Tout ça pour répondre à la question d’un journaliste qui lui demandait s’il était intéressé par la présidence de l’Assemblée nationale au cas où la majorité parlementaire réussirait à débarquer Hama Amadou au moyen d’une motion de défiance ! Parlant justement de cette motion, Ben Omar Mohamed s’est encore fait le porte-voix de la majorité parlementaire, en affirmant haut et fort que leur intention est désormais de faire partir Hama Amadou de la présidence de l’Assemblée nationale parce que, d’après lui, c’est un fait inédit au Niger, en Afrique et au monde qu’un opposant occupe la présidence de l’Assemblée nationale. Que pense donc l’auteur de la fameuse formule «il n’y a pas 36.000 manières !» de cette autre situation inédite au Niger où un Président de la République nomme des militants de l’opposition dans le gouvernement alors même que cette opposition a officiellement manifesté son refus de participer à ce gouvernement ? A l’heure qu’il est, la réponse honnête à cette question ne viendra certainement pas de Ben Omar Mohamed ?

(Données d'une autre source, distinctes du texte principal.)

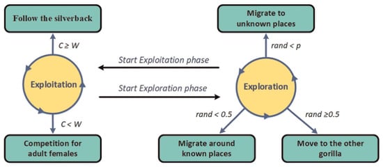 AGTO is a novel metaheuristic approach based on the group behaviours of gorillas. Five distinct operators illustrated in Figure 1 are employed in the AGTO method regarding exploitation and exploration operations.

Habitué à profiter des situations troubles pour accéder aux hautes fonctions, l’homme est certainement entrain de caresser le rêve de remplacer Hama Amadou à la présidence de l’Assemblée nationale. Il est certes bon et même nécessaire d’avoir des ambitions dans la vie. Mais entre nous, comment Ben Omar Mohamed peut-il raisonnablement croire à la réalisation d’un tel rêve ? D’abord, lui et sa majorité sont loin d’avoir les 76 députés nécessaires pour faire aboutir une motion de défiance. Ensuite, même au cas où Issoufou Mahamadou aura le courage de dissoudre l’actuelle Assemblée nationale, quelle chance lui Ben Omar et beaucoup d’autres députés ont-ils de revenir à l’Assemblée nationale avec la participation effective des candidats du CDS-RAHAMA à Zinder ? Malheureusement pour Ben Omar Mohamed et tous les autres opportunistes qui brûlent d’impatience à voir Hama Amadou débarqué de la présidence de l’Assemblée nationale, la Constitution n’a pas prévu le mécanisme de destitution du président de l’Assemblée nationale à travers un décret du Président de la République.
C’est soit on a la majorité des 2/3 des députés, donc 76 députés sur les 113 que compte l’actuelle Assemblée, soit on a le courage de dissoudre l’Assemblée nationale. Et le même Ben Omar qui hurlait qu’ils vont faire partir Hama Amadou demandait en même temps à ce dernier de démissionner. Mais cet enseignant, devenu politicien par opportunisme, est apparemment loin de comprendre que l’actuel Président de l’Assemblée nationale n’est pas du genre à se laisser impressionner par n’importe quel porteur d’eau.